Twitter may have lost protection, but not tag

Published on Jun 17, 2021 01:37 AM IST

A standoff between the Union government and Twitter is not new. Nor is it only under the new 2021 guidelines.

Every non-compliance of a takedown notice resulted in the loss of protection to Twitter under S.79 of the IT Act.(Reuters)
Every non-compliance of a takedown notice resulted in the loss of protection to Twitter under S.79 of the IT Act.(Reuters)
ByNS Nappinai

There appears to be a degree of misperception that the government has, on political whim, removed the tag of “intermediary” for Twitter — or more accurately, taken away the protections enjoyed by Twitter under Section 79 of the Information Technology (IT) Act, 2000 (as amended) for non-compliance with the Intermediary Guidelines of 2021. This has sparked concerns of “executive overreach”.

The basis of these concerns is incorrect. First, intermediaries are those covered under S.2(1)(w) of the IT Act. Twitter was and continues to be covered under this definition. While intermediary has a broad definition, some under this category enjoy comprehensive protection from any form of liability under S.79 of the IT Act. This protection ensures that they will not be held liable for third-party information, data, or communication link shared on their platforms, which they have no personal knowledge of or control over. This protection is what Twitter has lost due to non-compliance with the 2021 guidelines. Not its tag as an intermediary.

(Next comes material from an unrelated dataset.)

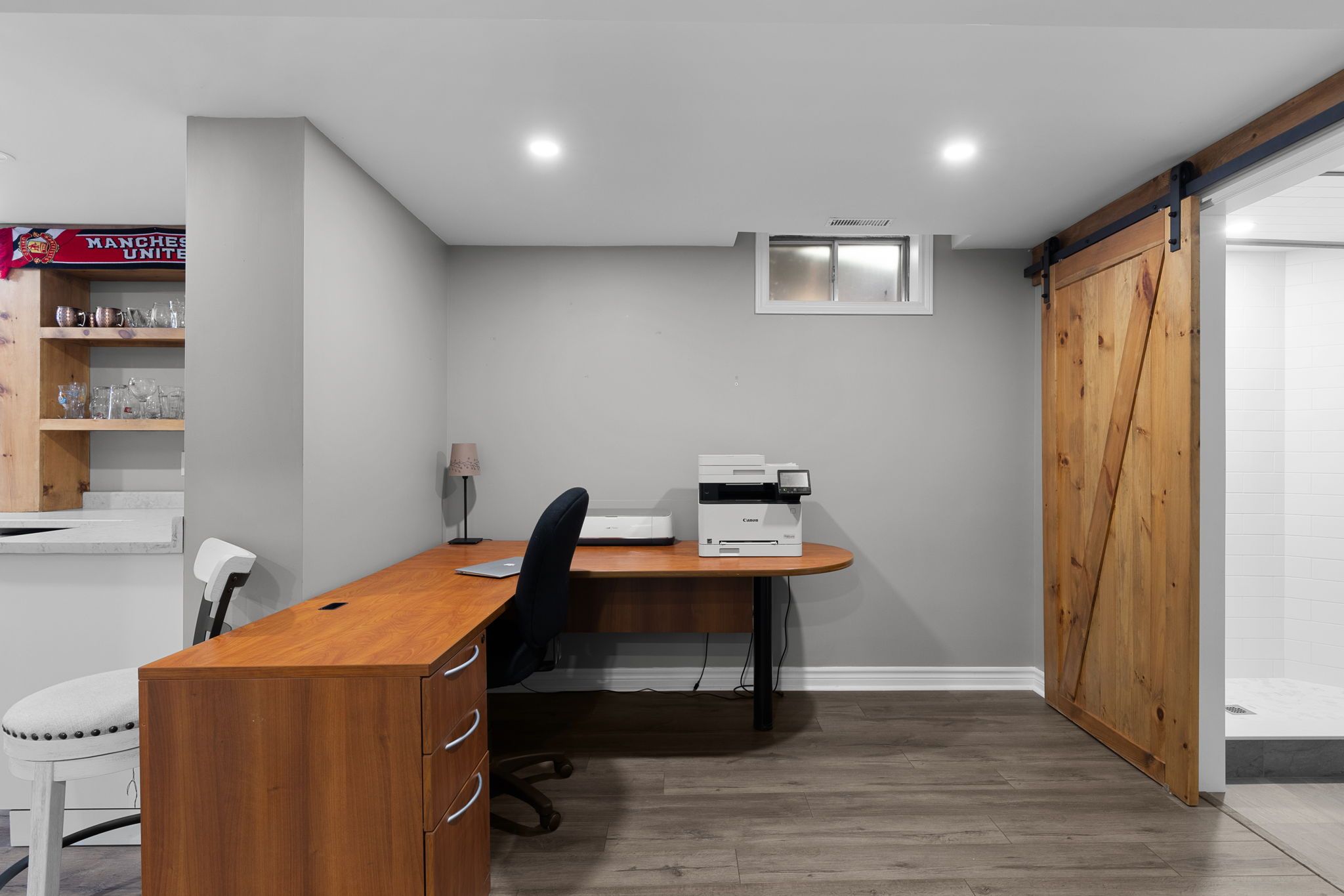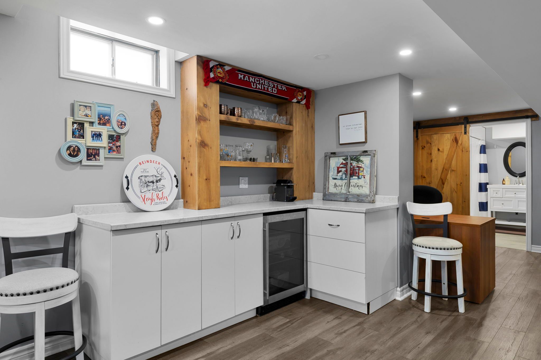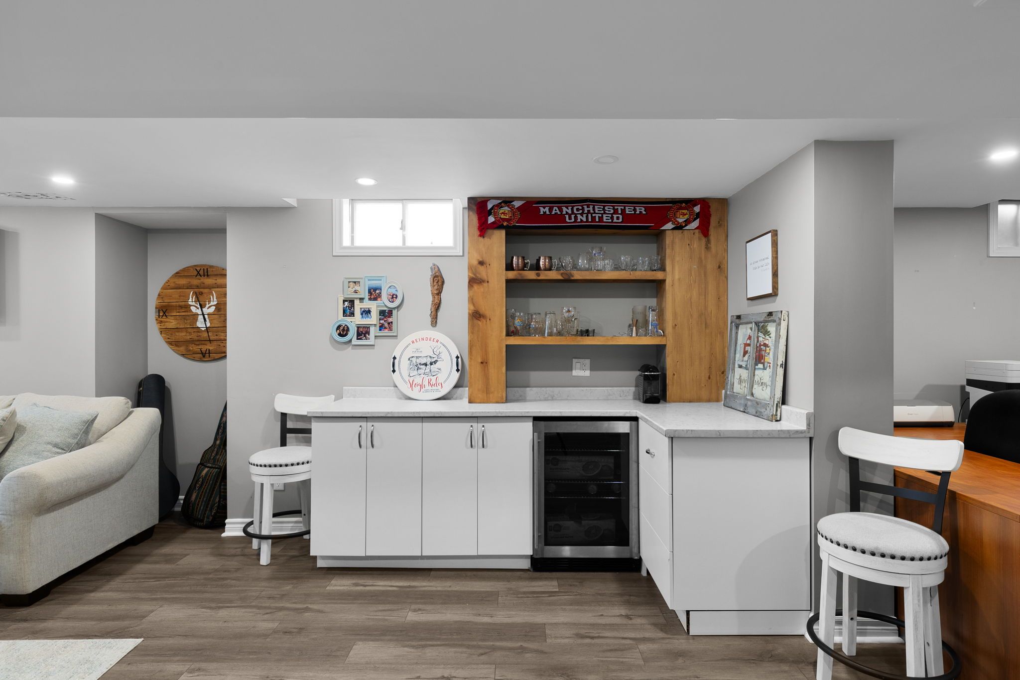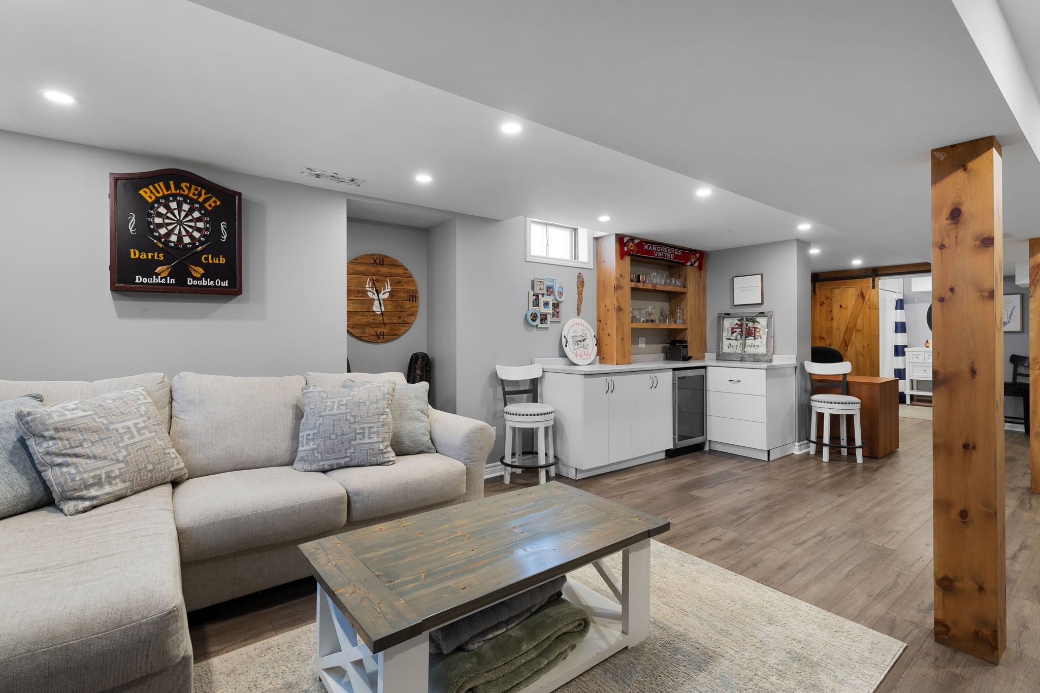 Experience the ultimate lifestyle in this family-friendly neighbourhood in alcona. The streetscape offers an idyllic setting for a classic christmas movie-timeless and peaceful, with sidewalks that invite a quiet, snowy walk & a palpable sense of community spirit. The kind of place where you expect carolers to appear at any moment, where children build snow forts & congregate for street hockey. The area offers convenient access to services & recreational opportunities including dining, shopping, schools, a public beach, boat launch, & library. Additional recreation & entertainment is available at nearby friday harbour resort & the innisfil rec. Centre. It's a short drive to barrie's south end for access to the south go station, big box stores, & even more shopping & dining options. The captivating home offers a classic layout suitable to the style of the neighbourhood, with separate living room, dining room & family room with gas fireplace on the main floor, as well as a mud-room with side entrance & garage access, & a laundry-room with access to the back yard. The stunning kitchen features a large island, quartz counters & high-end stainless steel appliances. A sliding door provides lots of light & access to the rear yard. Upstairs, you'll find three bedrooms plus an office or den. The generously sized primary bedroom includes a walk-in closet & a luxurious 3-piece ensuite. The partially finished basement adds a recreation room & bar area with bar fridge, an exercise room, & an additional, modern, 3-piece bath. The rear yard is fully fenced with lilac trees, a large deck & pergola, perfect for children, pets & entertaining. An oversized garage adds to the convenience of the home offering additional storage and lots of room for "toys". Don't miss the apple tree in the front yard! The driveway has been widened, providing room for friends and family to park comfortably while they visit. Don't wait to call this address home. One owner is a licensed realtor.

A Parliament-enacted law i.e., the IT Act mandates that the protection from liability given to intermediaries applies, provided they comply with conditions laid down therein. When an intermediary fails to comply, it automatically loses the protection or “safe harbour”.

Herein lies the basis for Twitter losing its protective shield: When the 2021 guidelines were notified, Twitter was aware it had to comply with them. It was open to Twitter to raise its contentions before a court of law, if it believed any of the provisions to violate its rights or entitlements. This was not done. Hence as of May 25, Twitter lost its protective shield (not its tag as an intermediary), when it failed to comply with the 2021 guidelines.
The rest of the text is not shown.